Today over half of newly qualified accountants are female as are 25% of members of the ICAEW. Yet few reach the top executive roles in companies. So to see Alison Reed, FD of Marks & Spencer and one of the few remaining female finance directors in the FTSE100, included in the latest cull was a blow. Sadly she wasn’t alone – Laurel Powers-Freeling, CEO of M&S Money was included in the shuffle, as was Jean Tomlin, human resources director.
The low number of women on UK boards is not a new phenomenon. But while their representation has increased very slowly over the last decade, today only 3.7% of executive directors in the FTSE100 are women. Among non-executive directors, the imbalance is less extreme, but marked – just 11.8% are women.
The fundamental question is, of course, whether having an imbalance of gender on a board actually matters. It does – having experienced both, a board is just as imbalanced when it is made up of mostly women.
What is needed is a mix of perspectives to deal with a fast-changing world where both women and men make up the customer base. It’s just business sense. When the balance is mixed, male board directors have said women bring different perspectives and passion to business, in itself a positive contribution.
But we should not simply focus on numbers. Business needs to understand the barriers women face (that their male counterparts do not) and recognise the benefits of having a healthy, diverse board.
In his report on corporate governance, Derek Higgs identifies a strong link between good corporate governance and gender diversity in the boardroom. Women bring fresh perspectives and a different leadership to the table. As a rule, though not always, women encourage participation in power and seek to enhance the status of employees.
Women don’t tend to rely on hierarchy and position for power, as men often do, but rather use their personality, expertise and networks. As a result, women can be more effective motivators. This style of leadership is crucial in new or changing organisations. And as restructuring, cost-cutting and an emphasis on shareholder value becomes the norm, organisations need a different kind of leadership.
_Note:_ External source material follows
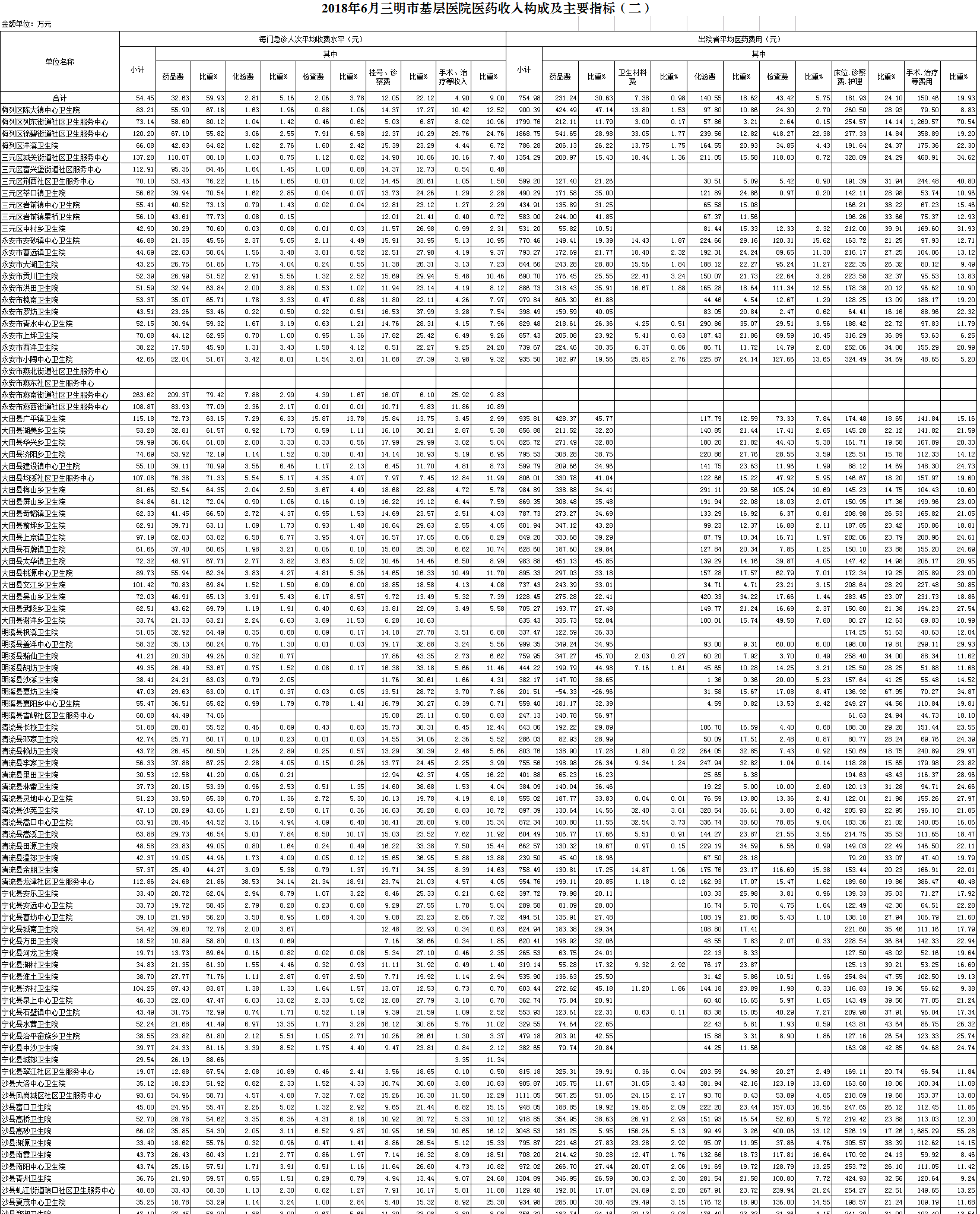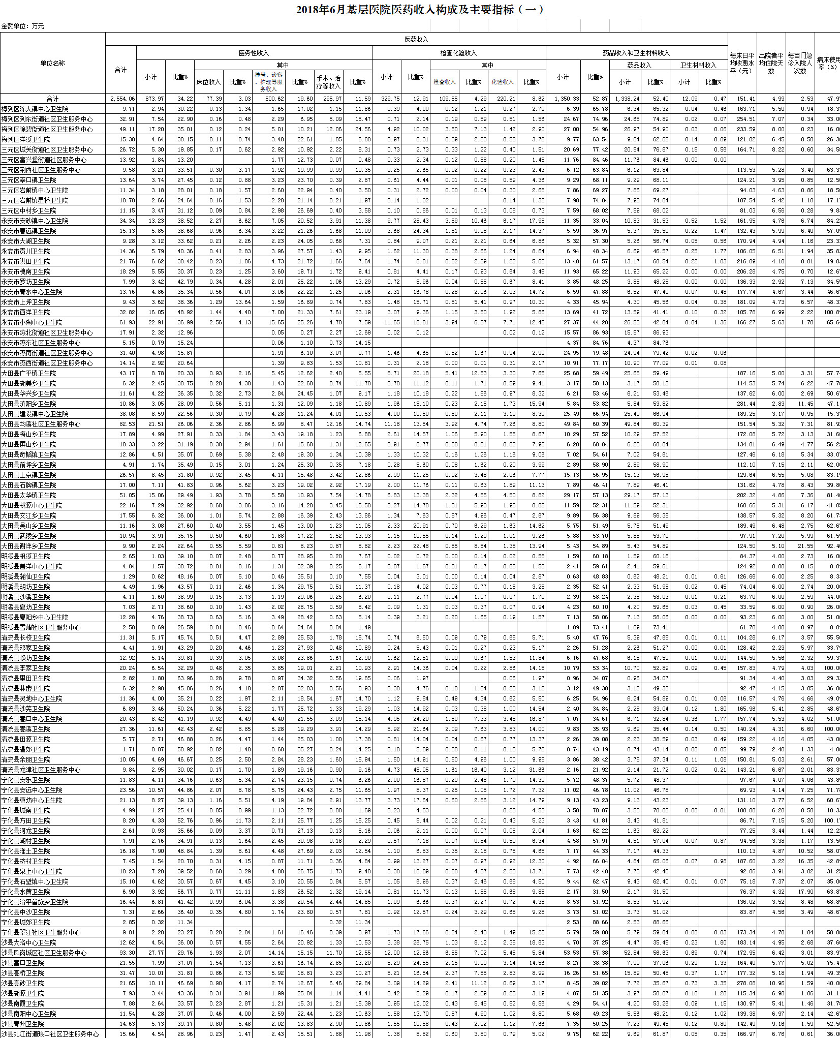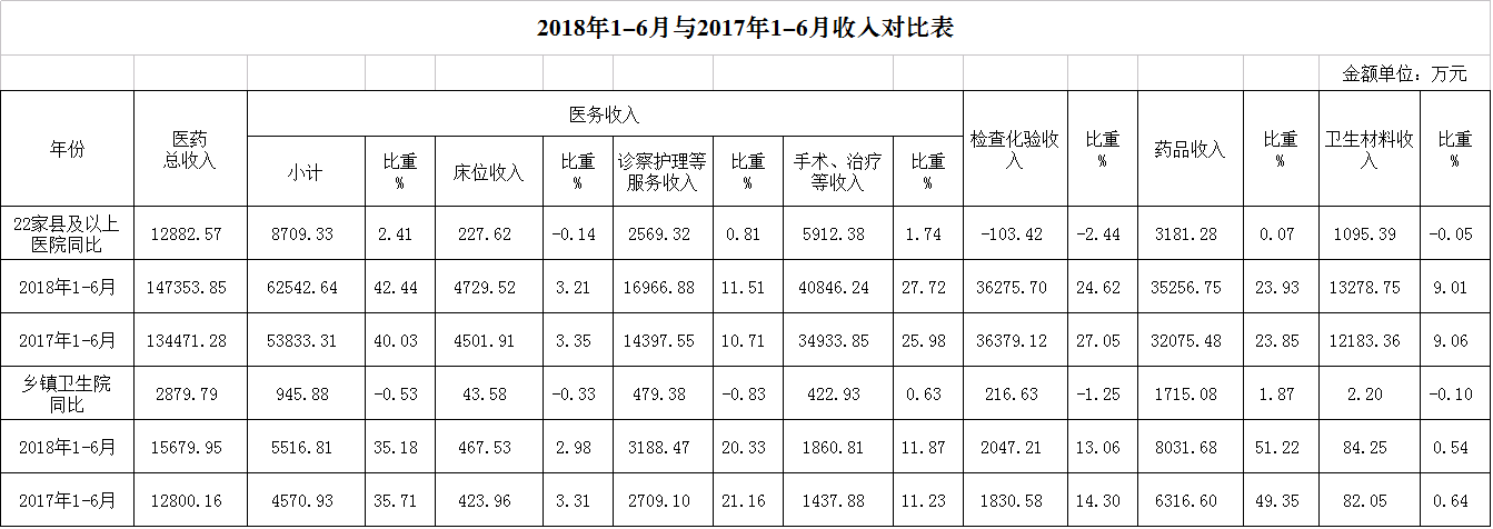 (一)1- 6月份22家县级以上医院:医药总收入147353.85万元,比去年同期134471.28万元增加12882.57万元,增长9.58%(不含体检收入的医药收入为144424.67万元,比去年同期增长9.46%)。其中:医务性收入62542.64万元,占医药收入42.44%(床位收入4729.52万元、手术治疗护理等服务收入57813.12万元),比去年同期53833.31万元,医务性收入增加8709.33万元,增长16.18%;检查化验收入36275.70万元,同比下降0.28%;药品收入35256.75万元,药占比23.93%,分别比去年同期增长9.92%、增长0.07个百分点;卫生材料收入13278.75万元(其中高值耗材收入7516.80万元),占医药总收入9.01%,比去年同期9.06%,下降0.05个百分点。入院人次159490人次,比去年同期157786人次,增加1704人次,增长1.08%;门急诊人次3165124人次,比去年同期2971741人次,增加193383人次,增长6.51%;每门诊次均费用174.83元,比去年同期163.81元,增加11.02元,增长6.73%;出院者平均费用5656.51元,比去年同期5280.55元,增加375.97元,增长7.12%。

And yet there are several barriers that make it difficult for women to have an equal stake on boards. There is, for example, a belief among most male directors that, given time, women will ‘break through’. But if progress continues at current rates, the issue will never be resolved.
Many of our present board members also believe there are too few women qualified for the role. Yet most women in senior posts disagree. Dig beneath the surface and you find this manly concern conceals a mix of beliefs, including fears that the presence of women on boards would ‘upset’ their familiarity whether in the boardroom, in their networks or on the golf course. Put simply, many men want to keep certain areas of their life ‘women free’.
There’s also a feeling that women are not interested in board service. There will always be those who don’t want to serve on boards, and this includes men as well as women, but recent research from Catalyst sponsored by PricewaterhouseCoopers found that men and women (including those with children) report equal aspirations for the top roles. In fact, female executives, including those with accountancy backgrounds, are just as likely as their male colleagues to aspire to the CEO role.
But although ambition and advancement strategy (consistently exceeding performance expectations, successfully managing others and seeking high-visibility assignments) was the same, women still face a set of cultural barriers to their advancement. These include gender-based stereotypes, a lack of role models in the upper echelons of business and exclusion from informal networks.
It is true that women, as a rule, don’t tend to promote themselves and push themselves forward as much as their male counterparts, preferring to be asked. It boils down to a fundamental difference in approach. Whereas some men will have their successor in mind after six months in a role, women tend to focus more on doing a good job. It is precisely this difference that needs to be understood.
A common complaint from companies is that they can’t find women to be included in the pool of candidates when they recruit at board level. The Register of Executive and Non-Executive Women (Renew) has been set up as a headhunting service to UK businesses. Its objective is to build and develop a pool of capable women – who have board experience or potential for board service – and put them forward as candidates for board positions in both the private and public sector.
Renew’s advisory board is made up of experienced directors, chief executives and public servants. They include Fiona Driscoll, a director at Hedra plc, and Brian Patterson, chairman of the Irish Times and previously CEO of Wedgewood. Part of the board’s role is to ensure fair and impartial selection.
Renew specialises in women, but is not exclusive, and if men want to be added to the register, they simply follow the same process as the women to join.
We have used research to establish the kind of women and skills boards want – essentially candidates with leadership experience (although not necessarily in the corporate world) and an ability to see both long and short term. We have also spoken to women – both past and present members of top boards – to establish what helped them. We found, for example, that mentoring alone is no solution, nor is having a token woman on the board. We want to see more boards with a healthy balance of individuals – of both genders – who can provide business success.
Hilarie Owen is an author of leadership books, and founder of the register of executive and non-executive women (Renew).